═════ Data ═════

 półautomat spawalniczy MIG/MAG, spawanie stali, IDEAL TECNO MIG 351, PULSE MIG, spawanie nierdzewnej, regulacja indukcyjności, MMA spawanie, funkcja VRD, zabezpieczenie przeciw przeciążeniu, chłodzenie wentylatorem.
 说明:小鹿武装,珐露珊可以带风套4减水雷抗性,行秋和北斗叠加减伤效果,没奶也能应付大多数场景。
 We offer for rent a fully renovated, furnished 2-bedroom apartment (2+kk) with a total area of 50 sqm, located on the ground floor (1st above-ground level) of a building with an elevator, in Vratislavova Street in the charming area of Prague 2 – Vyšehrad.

═════
═════ Data ═════

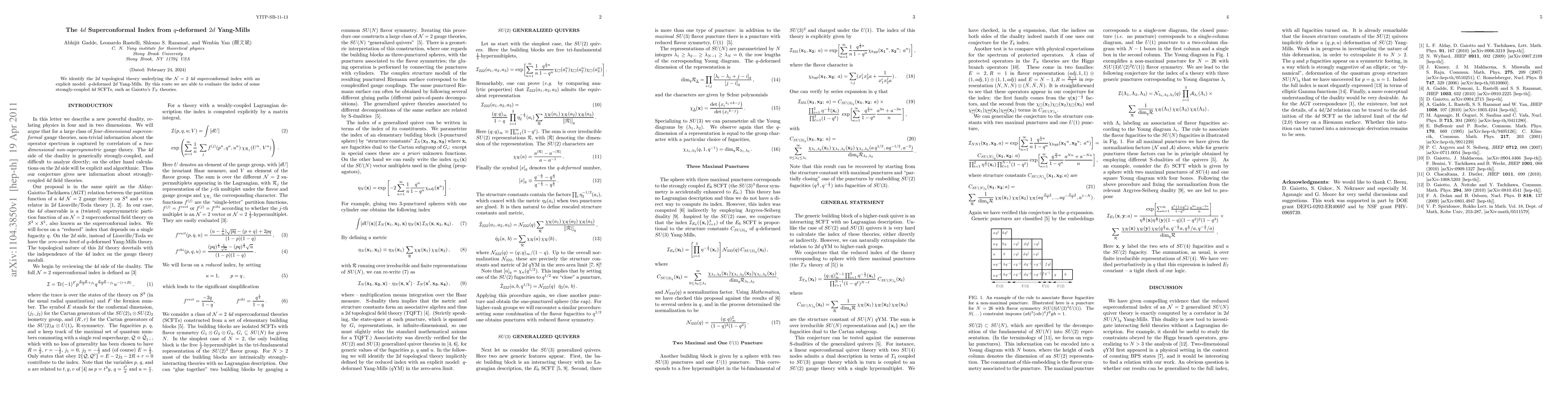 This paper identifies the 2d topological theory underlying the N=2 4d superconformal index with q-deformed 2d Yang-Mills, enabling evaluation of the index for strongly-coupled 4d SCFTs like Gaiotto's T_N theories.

═════
═════ Data ═════

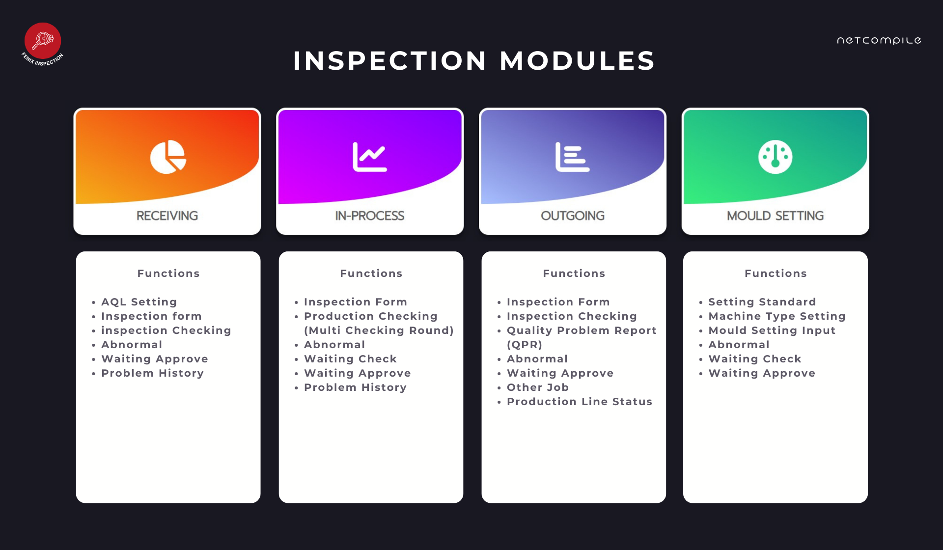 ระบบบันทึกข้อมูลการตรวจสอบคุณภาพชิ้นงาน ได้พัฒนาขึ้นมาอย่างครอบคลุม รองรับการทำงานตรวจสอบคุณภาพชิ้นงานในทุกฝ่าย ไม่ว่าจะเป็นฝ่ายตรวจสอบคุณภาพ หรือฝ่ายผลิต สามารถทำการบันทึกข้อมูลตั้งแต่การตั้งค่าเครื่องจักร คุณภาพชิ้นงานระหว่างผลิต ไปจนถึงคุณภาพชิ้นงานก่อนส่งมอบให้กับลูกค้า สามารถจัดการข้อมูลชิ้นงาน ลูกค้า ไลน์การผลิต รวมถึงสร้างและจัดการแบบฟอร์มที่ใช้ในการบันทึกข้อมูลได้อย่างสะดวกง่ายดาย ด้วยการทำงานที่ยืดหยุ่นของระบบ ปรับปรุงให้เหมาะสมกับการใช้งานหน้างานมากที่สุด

═════

- _Work item_:
Beginning at the line above with "półautomat spawalniczy MIG/MAG, spawanie" and finishing at the line with "说明:小鹿武装,珐露珊可以带", return each line exactly and return nothing else.

- _Solution for this exercise_:
 półautomat spawalniczy MIG/MAG, spawanie stali, IDEAL TECNO MIG 351, PULSE MIG, spawanie nierdzewnej, regulacja indukcyjności, MMA spawanie, funkcja VRD, zabezpieczenie przeciw przeciążeniu, chłodzenie wentylatorem.
 说明:小鹿武装,珐露珊可以带风套4减水雷抗性,行秋和北斗叠加减伤效果,没奶也能应付大多数场景。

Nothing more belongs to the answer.